Chymotrypsinogen is an inactive precursor (zymogen) of chymotrypsin, a digestive enzyme which breaks proteins down into smaller peptides. Chymotrypsinogen is a single polypeptide chain consisting of 245 amino acid residues. It is synthesized in the acinar cells of the pancreas and stored inside membrane-bounded granules at the apex of the acinar cell. Release of the granules from the cell is stimulated by either a hormonal signal or a nerve impulse, and the granules spill into a duct leading into the duodenum.

Activation 
Chymotrypsinogen must be inactive until it gets to the digestive tract. This prevents damage to the pancreas or any other organs. It is activated into its active form by another enzyme called trypsin. This active form is called π-chymotrypsin and is used to create α-chymotrypsin. Trypsin cleaves the peptide bond in chymotrypsinogen between arginine-15 and isoleucine-16. This creates two peptides within the π-chymotrypsin molecule, held together by a disulfide bond. One of the π-chymotrypsins acts on another by breaking a leucine and serine peptide bond. The activated π-chymotrypsin reacts with other π-chymotrypsin molecules to cleave out two dipeptides, which are, serine-14–arginine-15 and threonine-147–asparagine-148.  This reaction yields the α-chymotrypsin.
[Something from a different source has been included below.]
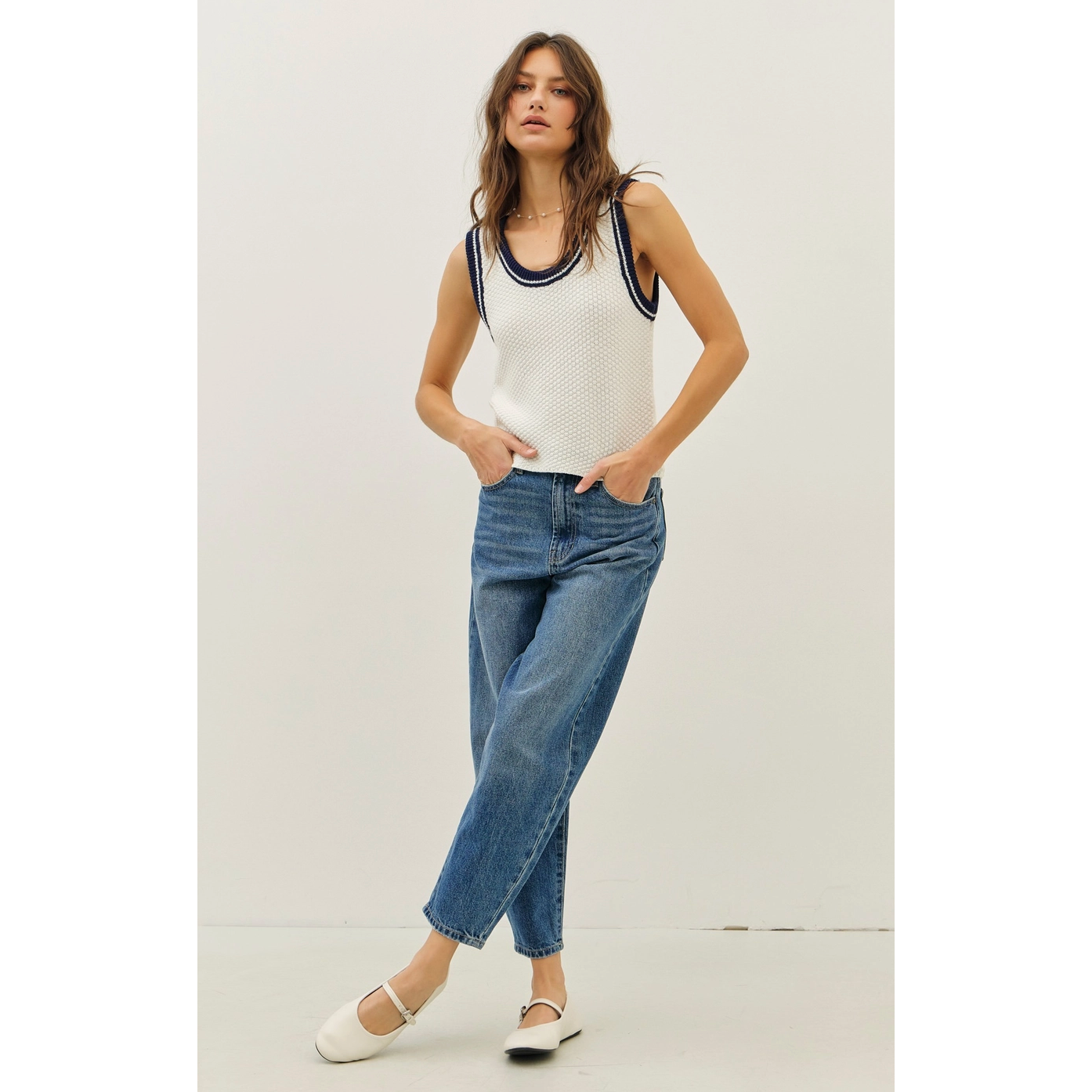 Perfect for layering or wearing solo, pair it with high-waisted denim for a casual day out or dress it up with a blazer. Whether you're going for the preppy nostalgia or modern minimalism, this tank is the perfect blend of comfort and edge.

The yield of α-chymotrypsin can be affected by inhibitors such as hydrocinnate and also by pH, temperature and calcium chloride.

The activation process can be studied using fluorescence probe 2-p-toluidinylnaphthalene-6-sulfonate (TNS). TNS forms covalent bonds with chymotrypsinogen and as the bonds break to form chymotrypsin in the presence of trypsin the fluorescence increases.